*** PROVIDED MATERIAL Section Begins ***

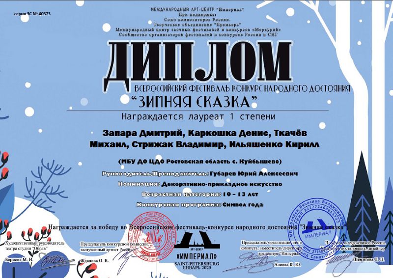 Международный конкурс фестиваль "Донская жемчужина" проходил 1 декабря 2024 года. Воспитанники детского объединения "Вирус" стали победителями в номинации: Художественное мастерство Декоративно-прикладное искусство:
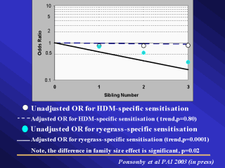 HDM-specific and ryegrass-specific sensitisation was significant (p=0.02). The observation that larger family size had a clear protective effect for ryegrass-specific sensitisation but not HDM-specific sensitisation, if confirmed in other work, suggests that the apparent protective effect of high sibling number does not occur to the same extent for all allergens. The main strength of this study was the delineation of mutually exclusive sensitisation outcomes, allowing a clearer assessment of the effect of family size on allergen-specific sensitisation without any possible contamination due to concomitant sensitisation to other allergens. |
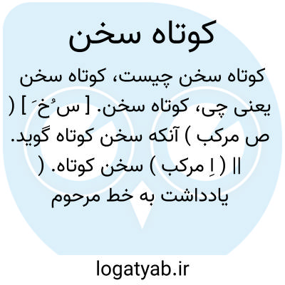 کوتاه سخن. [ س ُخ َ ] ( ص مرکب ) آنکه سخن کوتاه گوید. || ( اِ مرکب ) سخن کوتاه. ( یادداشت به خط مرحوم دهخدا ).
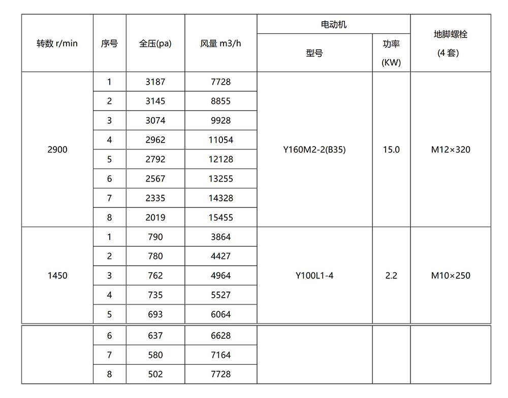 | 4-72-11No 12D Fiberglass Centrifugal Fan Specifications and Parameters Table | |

*** PROVIDED MATERIAL Section Ends ***
*** PROVIDED MATERIAL Section Begins ***

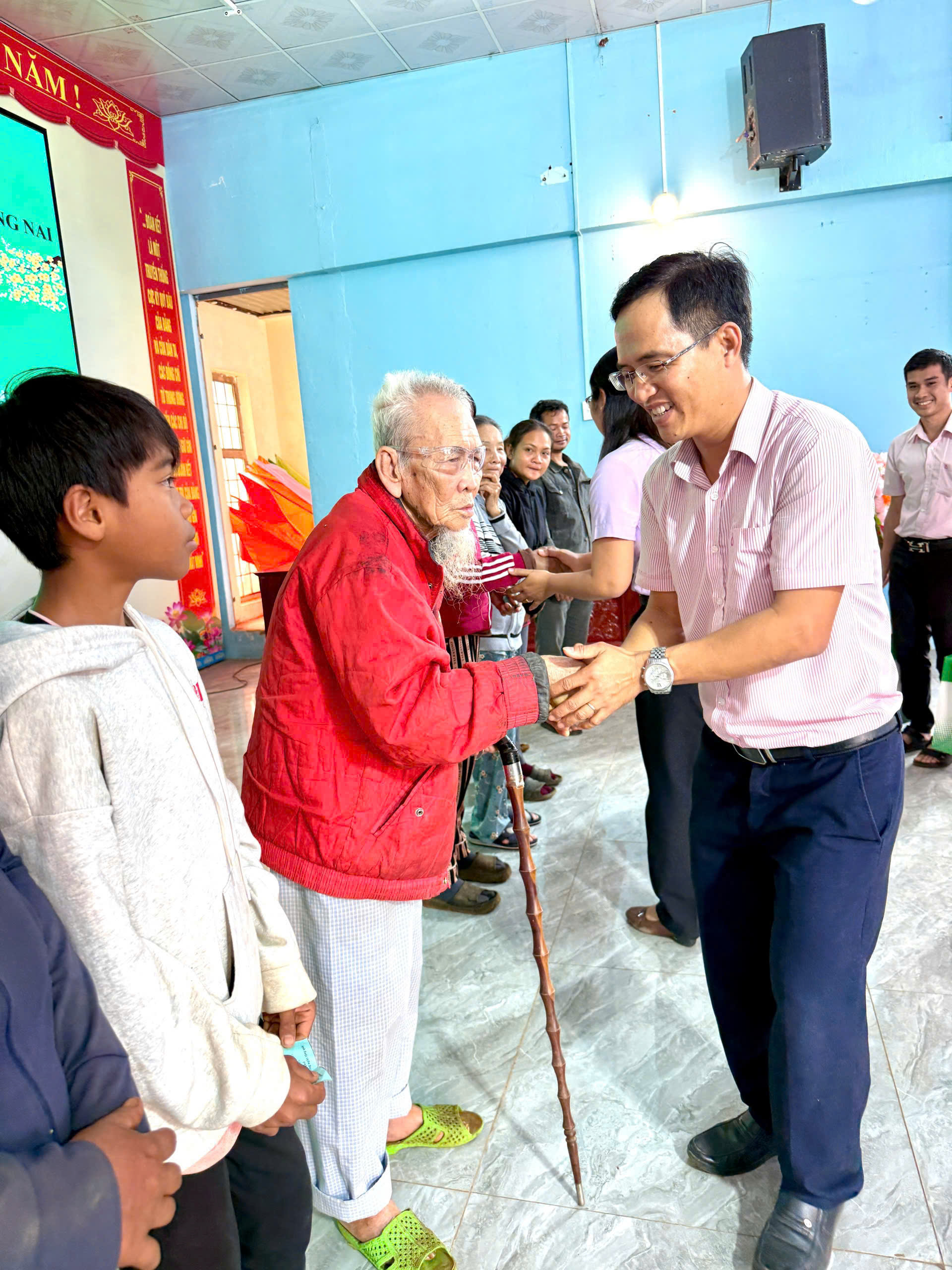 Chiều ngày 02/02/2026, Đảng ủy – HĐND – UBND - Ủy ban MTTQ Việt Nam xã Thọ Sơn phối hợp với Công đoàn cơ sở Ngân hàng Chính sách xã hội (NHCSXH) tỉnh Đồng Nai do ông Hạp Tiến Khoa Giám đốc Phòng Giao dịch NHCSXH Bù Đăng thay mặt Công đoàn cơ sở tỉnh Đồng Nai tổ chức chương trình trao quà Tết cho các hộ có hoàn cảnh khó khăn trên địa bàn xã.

*** PROVIDED MATERIAL Section Ends ***

[PROBLEM STATEMENT] From the records above, write out exactly the lines that begin at the line with "Международный конкурс фестиваль" and end at the line with "Parameters Table | |". Pictures must not appear in the output.

[REPLY]
 Международный конкурс фестиваль "Донская жемчужина" проходил 1 декабря 2024 года. Воспитанники детского объединения "Вирус" стали победителями в номинации: Художественное мастерство Декоративно-прикладное искусство:
 HDM-specific and ryegrass-specific sensitisation was significant (p=0.02). The observation that larger family size had a clear protective effect for ryegrass-specific sensitisation but not HDM-specific sensitisation, if confirmed in other work, suggests that the apparent protective effect of high sibling number does not occur to the same extent for all allergens. The main strength of this study was the delineation of mutually exclusive sensitisation outcomes, allowing a clearer assessment of the effect of family size on allergen-specific sensitisation without any possible contamination due to concomitant sensitisation to other allergens. |
 کوتاه سخن. [ س ُخ َ ] ( ص مرکب ) آنکه سخن کوتاه گوید. || ( اِ مرکب ) سخن کوتاه. ( یادداشت به خط مرحوم دهخدا ).
 | 4-72-11No 12D Fiberglass Centrifugal Fan Specifications and Parameters Table | |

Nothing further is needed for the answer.